Oil and gas exploration is back and deepwater sweet spots are attracting the most attention, energy intelligence group Wood Mackenzie’s industry survey has shown.

Illustration: A semi-submersible drilling rig and a supply vessel / Image source: Pexels
Illustration: A semi-submersible drilling rig and a supply vessel / Image source: Pexels

According to Wood Mackenzie’s eleventh yearly oil and gas exploration survey, in which 259 senior energy leaders took part, the exploration industry optimism is back, profits have returned and the prospects look good.

Dr. Andrew Latham, Wood Mackenzie’s vice president, exploration said: “We’re seeing a continued recovery in the exploration sector, and this borne out by the drilling plans and new licenses we’re seeing.

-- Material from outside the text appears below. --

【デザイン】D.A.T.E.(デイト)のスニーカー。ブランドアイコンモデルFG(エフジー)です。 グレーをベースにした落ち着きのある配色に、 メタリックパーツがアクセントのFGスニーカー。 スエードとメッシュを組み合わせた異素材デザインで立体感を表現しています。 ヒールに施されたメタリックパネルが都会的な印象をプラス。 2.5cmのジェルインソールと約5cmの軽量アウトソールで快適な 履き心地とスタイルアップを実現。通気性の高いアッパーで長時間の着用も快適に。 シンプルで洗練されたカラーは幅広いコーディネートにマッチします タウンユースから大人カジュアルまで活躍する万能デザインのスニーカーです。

He said that, according to the survey, conventional exploration is still viewed as the primary resource replacement option. The survey also showed that lower costs, both for exploration and development, are key to exploration’s return to value creation.

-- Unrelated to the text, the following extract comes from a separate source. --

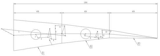 The variable bending rear edge is designed in three sections: B1, B2 and B3, among which the string length of B1 is 435 mm, the string length of B2 is 430 mm and the string length of B3 is 435 mm. The three variable modules are hinged together by cylindrical hinges. The outline of the rear edge and the initial position of the rod are shown in the Figure 1 below. The digital mark line in the figure is the two-stage linkage mechanism that has been designed to drive the variable bending trailing edge to achieve target deformation, and the circle part is the location of the driving device of the two-stage linkage mechanism.

Wood Mackenzie said that high-quality prospects in deepwater sweet spots, such as Brazil, Guyana, the Gulf of Mexico and the East Mediterranean, are attracting the most attention. Just in Guyana, Exxon has made thirteen oil and gas discoveries since 2015, and has ordered two FPSOs for the development of Liza discovery.  ExxonMobil is also evaluating plans to add another exploration drillship, which would be Exxon’s fourth drillship in Guyana focused on exploration works.

According to Wood Mackenzie’s exploration survey, the global exploration budget will total about $40 billion in 2019, half of which will be spent on drilling, while 25% is earmarked for geological and geophysical surveys.

Digitalization spend set to increase

Also, Wood Mackenzie says that digitalization today accounts for about 8% of the total spend, but this will increase as new seismic processing techniques, machine learning and AI become fundamental tools for explorers.

Dr. Latham said: “Digitalisation offers exploration the possibility of better resolution of the subsurface, better seismic modeling and growing use of automated interpretation.

He added: “Digitalisation has become a consistent feature on our surveys. The survey results back up our expectation that the exploration industry, led by the majors, will spend billions each year on digitalization.”

Dr. Latham said that efficiency gains – hard-won during the downturn – mean that doing more with less is now standard. And while there is more investment in the exploration pipeline, that cash goes farther than before. According to our survey, the industry is confident that it can break even with an average oil price of around $50 per barrel.

Around 22% of the survey respondents believe that exploration can break even with Brent in a $55- $60/bbl band, while a further 18% are comfortable in the $45-$50/bbl range.

Four years ago, Woodmac says, before the oil price crash, companies were looking at a break-even price of around $80/bbl. According to survey respondents, exploration’s economics have been improved by the move towards less project complexity. Explorers are looking at prospects in less challenging basins, and as Dr. Latham noted, this not only cuts costs, it helps improve drilling time – in some cases by as much as 30% – and allows for quicker project development.

About 36% of those surveyed said they would be investing more on exploration this year, while only 13% had reduced their budgets from last year. An even greater number (38%) said they planned to drill more wells this year while just 10% of respondents expect their well count to be lower than in 2018.